No Location Or History On This One, Just Picture; Enjoy







































































































































































​


----------



## steve2109 (Jul 22, 2012)

Stunning pictures mate, absolutely stunning. Loved the spireled chimneys, thanks for sharing


----------



## UE-OMJ (Jul 22, 2012)

Yeh the brickwork on those chimneys is pretty amazing. Nice one.


----------



## kevsy21 (Jul 22, 2012)

Good shots,looks wel worth seeing this place.


----------



## TeeJF (Jul 22, 2012)

Wow, that is a serious scaffolding cover!!!


----------



## perjury saint (Jul 22, 2012)

*Wow! what a place!
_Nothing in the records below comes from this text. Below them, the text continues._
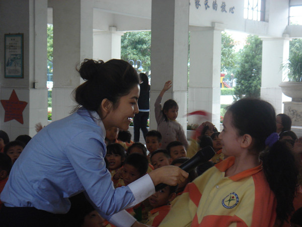 善于调动气氛的Miss Annie 通过各种游戏,让孩子们或猜或认,同学们踊跃参与,让整个大厅洋溢着欢快的气氛。Thsee era ym hiwet outrsres. 你能看出这是什么句子吗?有点难度吧!孩子们可厉害了,一下就读了出来:“These are my white trousers.”展现了孩子们通过平时大量阅读训练积累起来的对语言的感悟能力。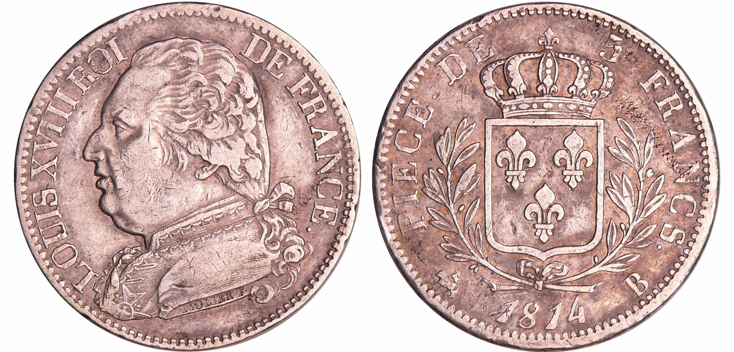 / Louis XVIII (1815-1824) – 5 francs au buste habillé 1814 B (Rouen)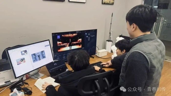 盛典现场,由我院张清辉老师指导、人工智能未来影像实验室创作的 AIGC 先导片《青春》惊艳亮相。作品以前沿人工智能技术,深度学习了历届先锋盛典参与者的影像与声音数据,生成拟真数字角色与语音,将二十载青春记忆——从手绘海报到首演灯光——编织成一场深情的视觉叙事。这不仅是一次技术的创新实践,更是一次跨越时空的对话,生动再现了川传学子从技术探索到精神成长的蜕变轨迹,为辉煌过往致敬,向崭新未来启程。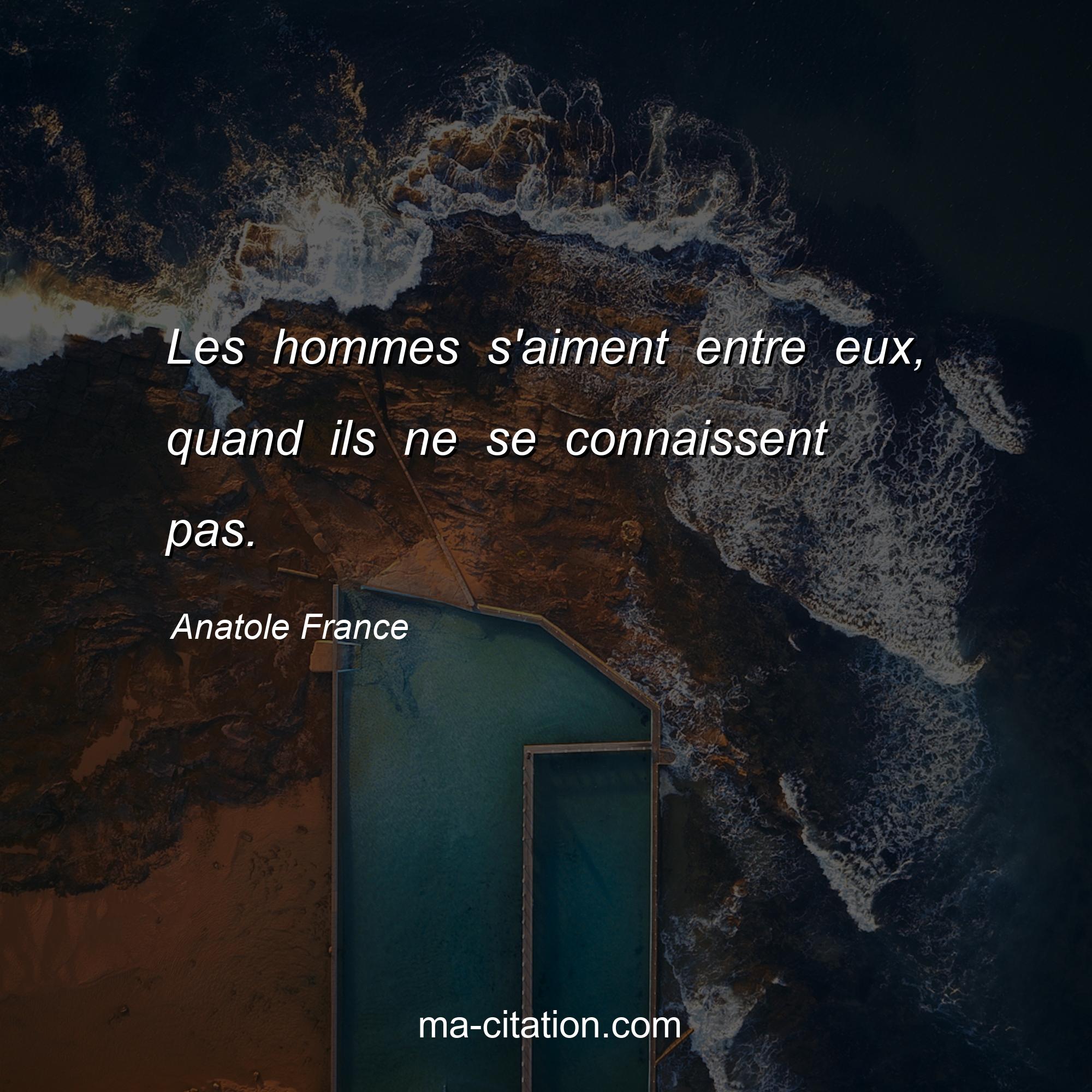 Citation sur la vie d'Anatole France :Les hommes s'aiment entre eux, quand ils ne se connaissent pas.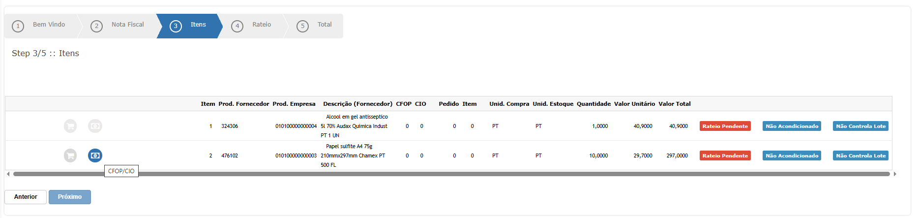 Primeiro, certifique-se de que todos os itens estejam vinculados a um Produto da Empresa. Em seguida ajuste CFOP/CIO quando necessário e prossiga para o Rateio dos itens.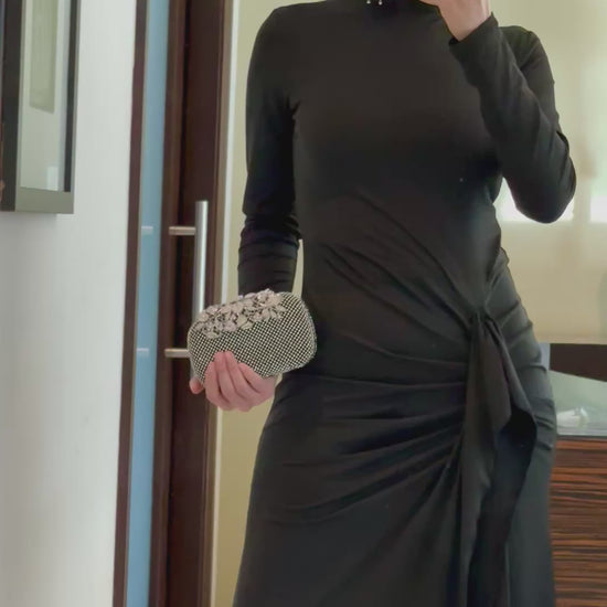 Vestido color negro apertura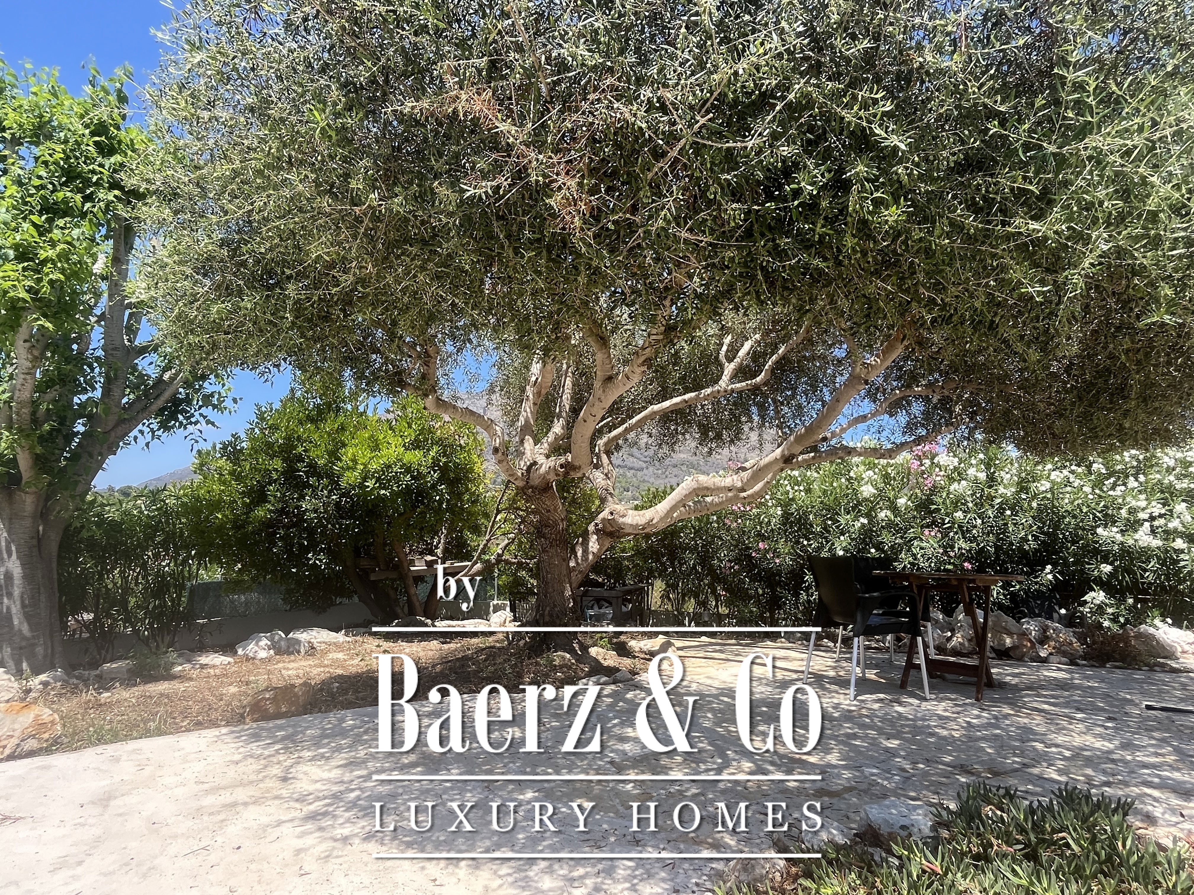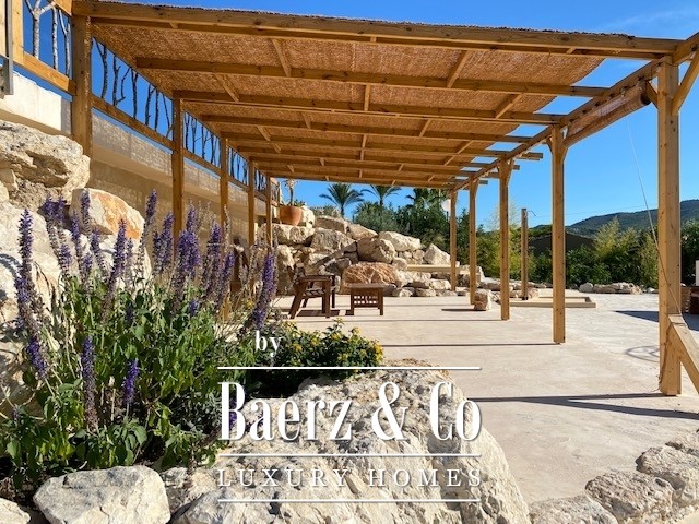 Set on a former olive grove of 1,700 m², the finca enjoys uninterrupted views of the lush green valley and the majestic Montgó Mountain.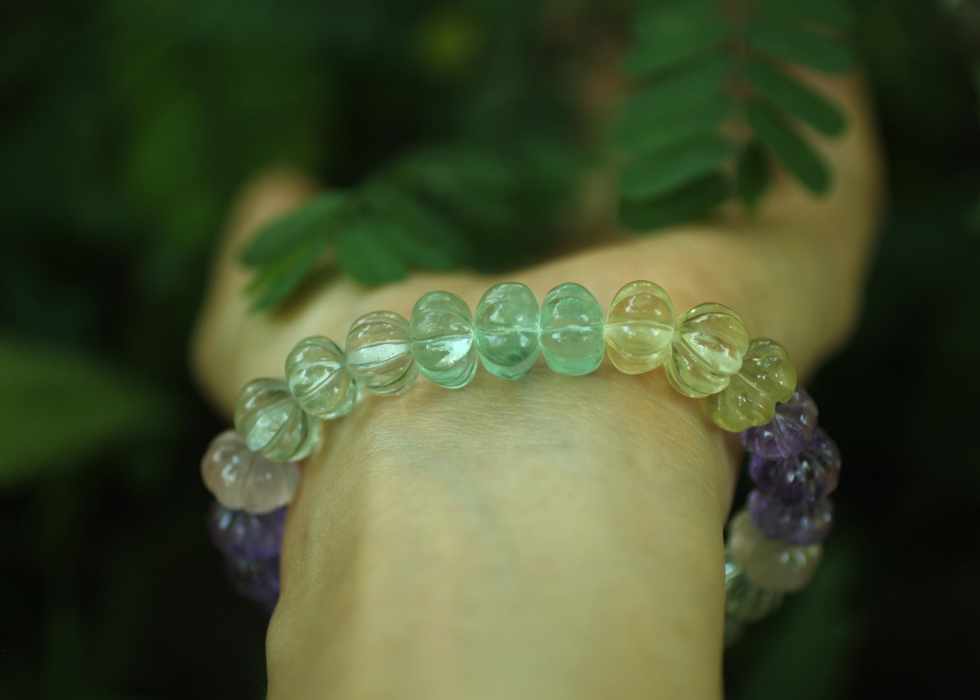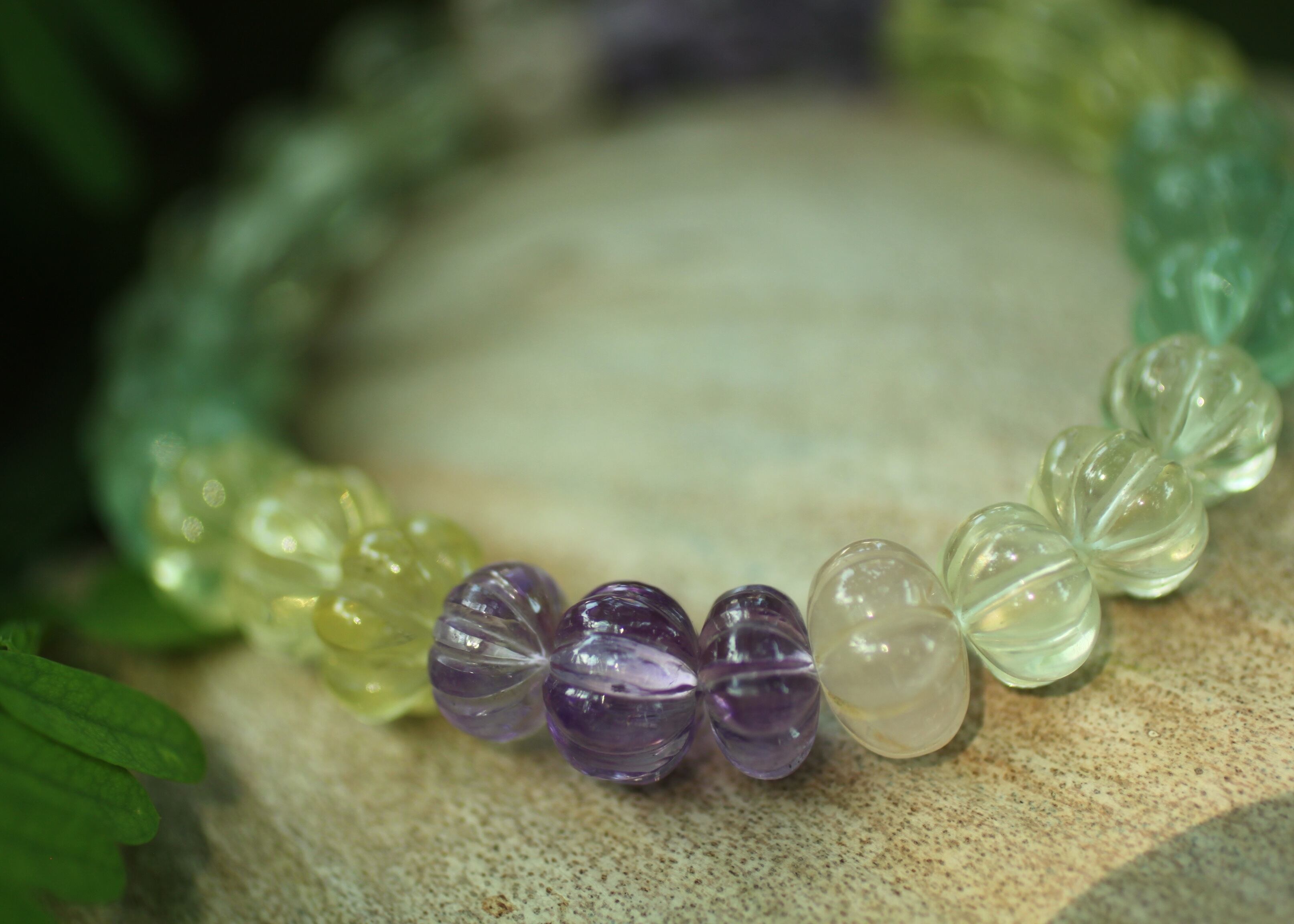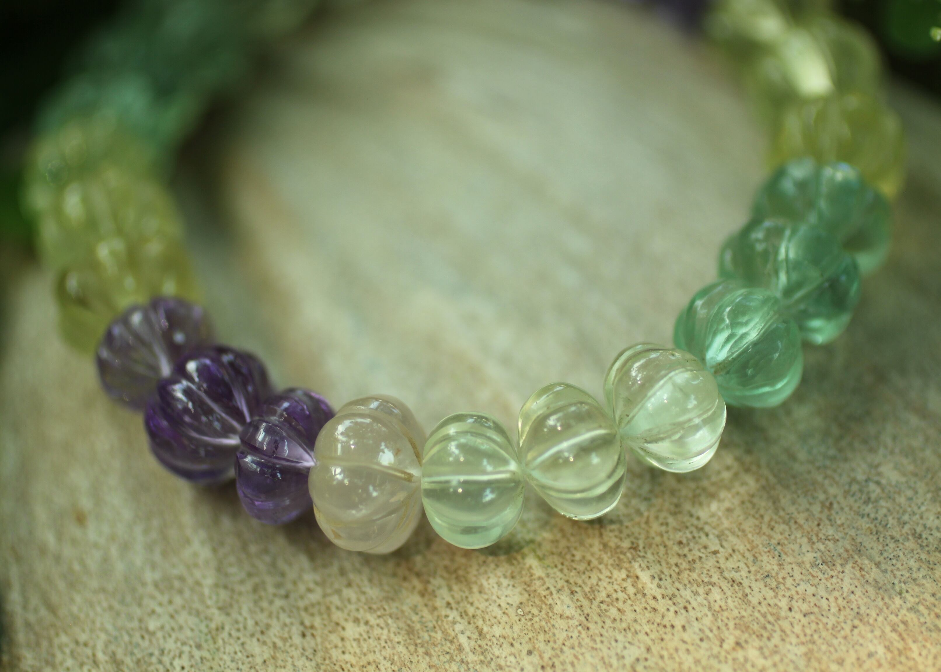 カービングにより可愛さがよりプラスされたフローライトビーズ。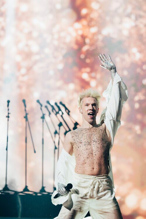 El artista belga interpreta el tema 'Before the party's over' sobre el escenario de la segunda semifinal de Eurovisión 2024.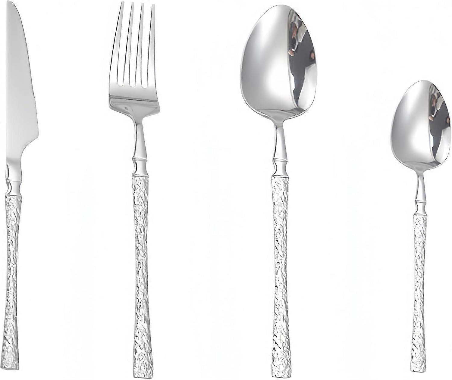 【HEALTHY MATERIALS】Dinner Spoons made of quality 304 stainless steel, healthy and durable, Improved polishing process to get better anti-rust ability, suitable for adults and children to use, completely dishwasher safe for saving your trouble.【CLASSIC DESIGN】The unique hammer pattern makes it different from other silverware, Vintage and elegant, Smooth mirror polishing gives it a shiny metallic texture, Cutlery allows you to easily try the retro and elegant style table setting, Unique pattern brings unique dining experience.【ERGONOMIC HANDLE】Featuring a unique hammered edge, these Heavy Table Spoons add a touch of elegance and sophistication to any table setting. The textured design not only looks visually appealing but also provides a better grip, making it easier to handle and serve food with confidence.【MULTIPURPOSE USE】Which can be used as a long spoon for stirring, bar spoon, cocktail mixing spoon,long handle spoon, tea spoons, long coffee spoons, long shake spoons,and big ice cream spoons. At the same time, outdoor carrying is also very portable and practical.【GOOD GIFT】are the perfect gift for family, lover, wife, friends, and colleagues. Each Serving Spoons is carefully inspected before shipping to ensure that you receive the Serving Spoons intact.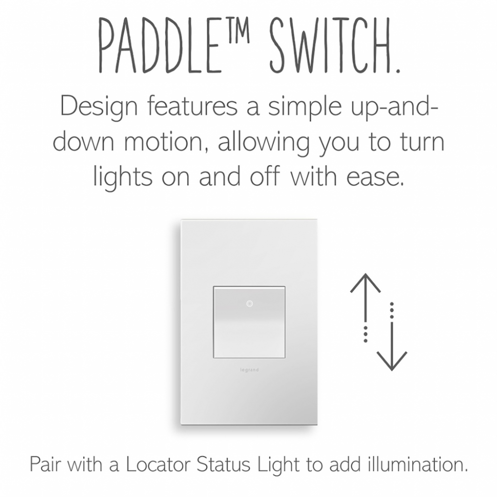 A modern twist on classic up-and-down light switch control, the Paddle Switch lets you turn lights on and off with ease and style. Use this 277V switch on its own to control a light or fixture from a single location, or pair with a second switch to control a single light source from two locations.This switch* features enduring Microban? antimicrobial technology that works to reduce the growth of bacteria, around the clock, for the lifespan of the product.* Existing inventory of switches, dimmers and plastic wall plates from the adorne? Collection at some partner locations may not yet include Microban? protection. To confirm that a specific Legrand product is protected with Microban?, check that the exterior of the product packaging includes a green dot or a ""Protected with Microban"" label.Made exclusively for use with screwless Wall Plates from the adorne? Collection, sold separately.No antimicrobial efficacy claims are being made or are valid with respect to products sold in Canada.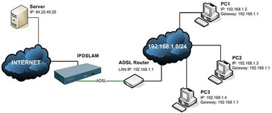 Задача. В локальной сети (см. рис.2) три компьютера. В Интернете находится сервер с IP-адресом 84.25.40.25. Необходимо заблокировать Интернет на всех компьютерах, но при этом разрешить доступ только на этот сервер.
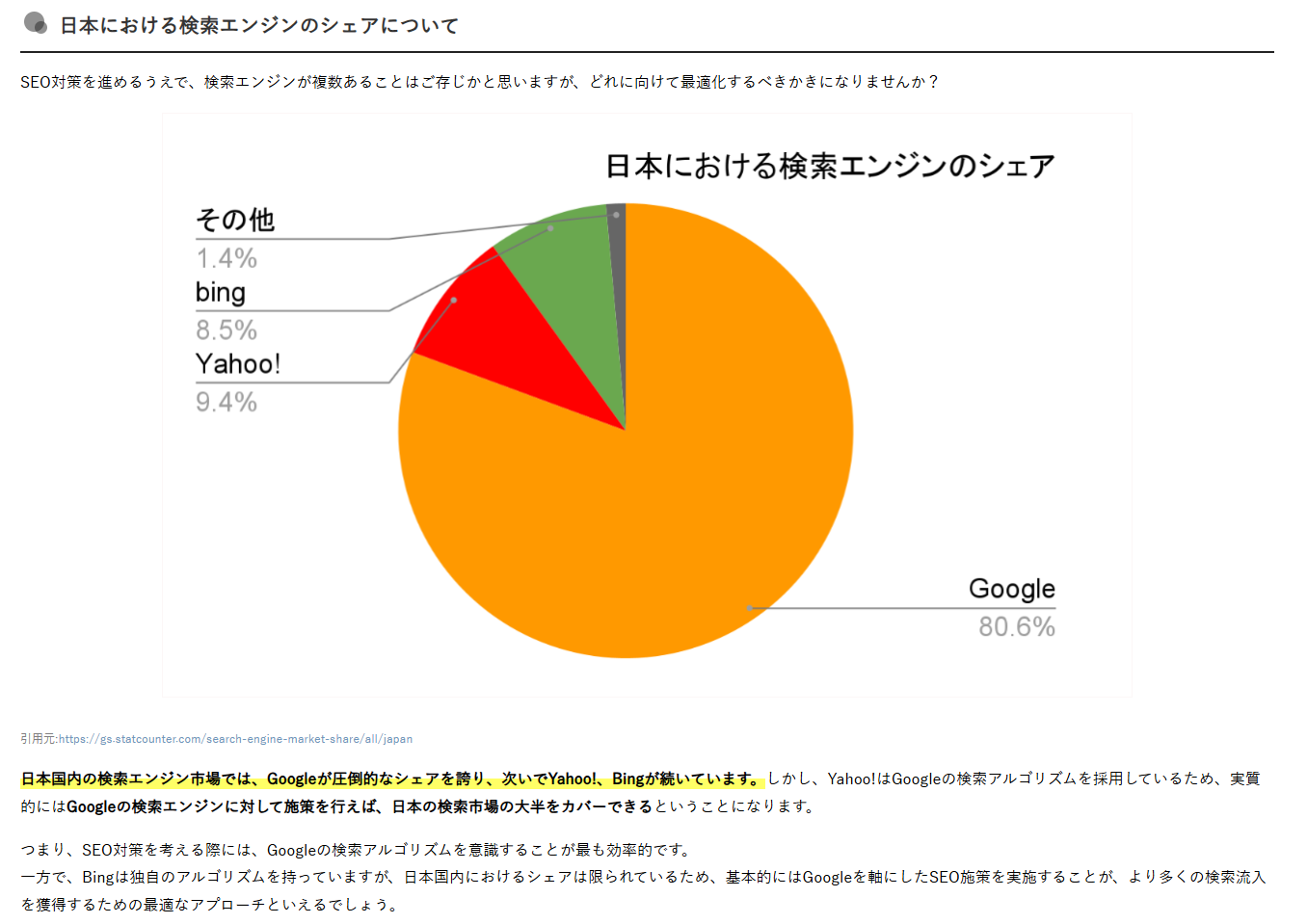 例えば、検索エンジンのシェア率を説明するテキストがあれば、その周辺にデータを証明する画像を配置するといった形です。
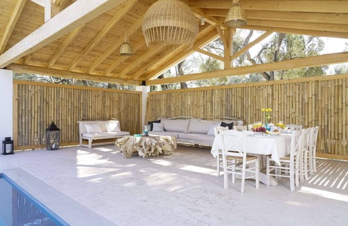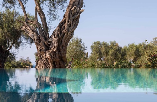 The combination of white and earthy tones is inviting. The tasteful wooden decor, from the stairs to the unique dining room ornaments and bathroom mirrors, will warm your heart and make you feel at home. This Corfu villa's ample spaces guarantee high-level privacy, while at the same time offering all the comfort of a luxurious villa for eight guests. The villa features 4 bedrooms and 4 bathrooms giving the flexibility to accommodate up to 6 adults and 4 to 6 children in 4 rooms or alternatively 8 adults and 2 children together with their parents in one room offering a mezzanine part.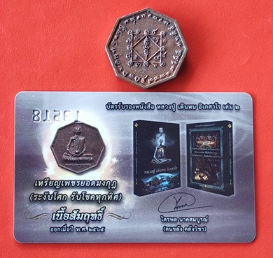เหรียญสมนาคุณเนื้อสัมฤทธิ์ (เหรียญหล่อหลวงปู่ เดินหน อิเกสาโร รุ่นแรก เพชรยอดมงกุฎ (ระงับโศก รับโชคทุกทิศ) พร้อมบัตรรับรองหนังสือ หลวงปู่ เดินหน อิเกสาโร เล่ม 2 หมายเลข 13518 |

Nice to see that someones looking after the place, that scaffolding must have cost a fair bit!!*


----------



## oldscrote (Jul 22, 2012)

That's a serious restoration job taking place,love them Tudor chimneys,thanks for sharing


----------



## UrbanX (Jul 22, 2012)

Lovely photos, what a grand old place! 
That looks so odd up on the roof, but under a roof! 
Cheers for sharing!


----------



## KingLewis92 (Jul 22, 2012)

UrbanX said:


> Lovely photos, what a grand old place!
> That looks so odd up on the roof, but under a roof!
> Cheers for sharing!



It was amazing to be able to see it all like that
Its the first time i've ever sat on top of a chimney anyways


----------



## flyboys90 (Jul 22, 2012)

Beautiful building with some cracking fireplaces,stunning photos thanks.


----------



## bigtip (Jul 22, 2012)

*Nice*

Some great pictures there mate looks like really nice building thanks for sharing.


----------



## Bones out (Jul 22, 2012)

That scaffolding is some piece of work on its own!

Nicely done fellas, very nicely done........


----------



## prettyvacant71 (Jul 23, 2012)

looks an interesting visit...unusual ceiling lampshade, very skilled brickies on the job...makes a bloody change


----------



## alex76 (Jul 23, 2012)

nice shots bud looks a good explore this one


----------